The Overture transportation theme is the collection of LineString and Point features that describe the infrastructure and conventions of how people and objects travel around the world. The dataset contains two features types: connector and segment. The three subtypes within segment -- road, rail, and water -- contain familiar categories of transportation data: highways, footways, cycleways, railways, ferry routes, and public transportation.

Most of the data in the transportation theme is sourced from OpenStreetMap. In the 2024-09-18.0 release, we began adding data from TomTom to improve coverage in key areas.

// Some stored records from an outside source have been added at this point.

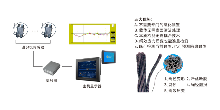 鋼絲繩是起重機工作的關鍵部件,吊裝事故中鋼絲繩斷裂導致事故占40%,鋼絲繩無損探傷在線監測系統能很好的預防此類事故。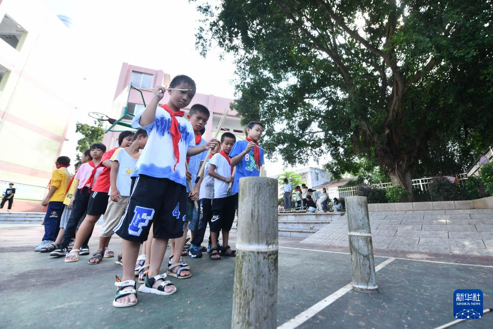 9月26日,在梧州市长洲区古道小学,学生们在大课间练习投壶。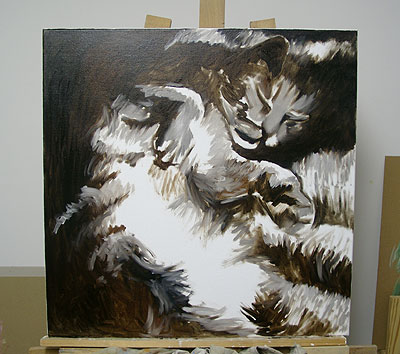 et Terre de Sienne brûlée) et en de larges coups de brosse plate.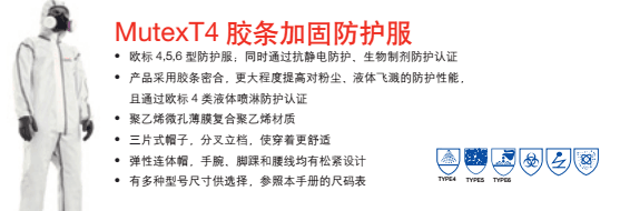 Honeywell霍尼韦尔MutexT4 胶条加固防护服欧标4,5,6 型防护服;同时通过抗静电防护、生物制剂防护认证。产品采用胶条密合,更大程度提高对粉尘、液体飞溅的防护性能,且通过欧标4 类液体喷淋防护认证。 |

You might use the Overture transportation data for:

  • mapping: rendering a map of connected roads and paths.
  • routing: calculating optimal routes from place to place.
  • navigation: generating granular instructions on the maneuvers needed to follow a route.
  • analytics: transportation-related analysis including traffic safety analysis and disaster planning.
  • geocoding: getting the coordinates of street intersections (geocodes) or the street intersection near specific coordinates (reverse geocodes).

This guide is an overview of the transportation data. To dig into the details of the schema, see the schema concepts for transportation and the reference documentation for the segment and connector feature types.

Dataset description

All Overture data, including transportation data, is distributed as GeoParquet, a column-based data structure. Below you'll find a table with column-by-column descriptions of the properties in the transportation feature type.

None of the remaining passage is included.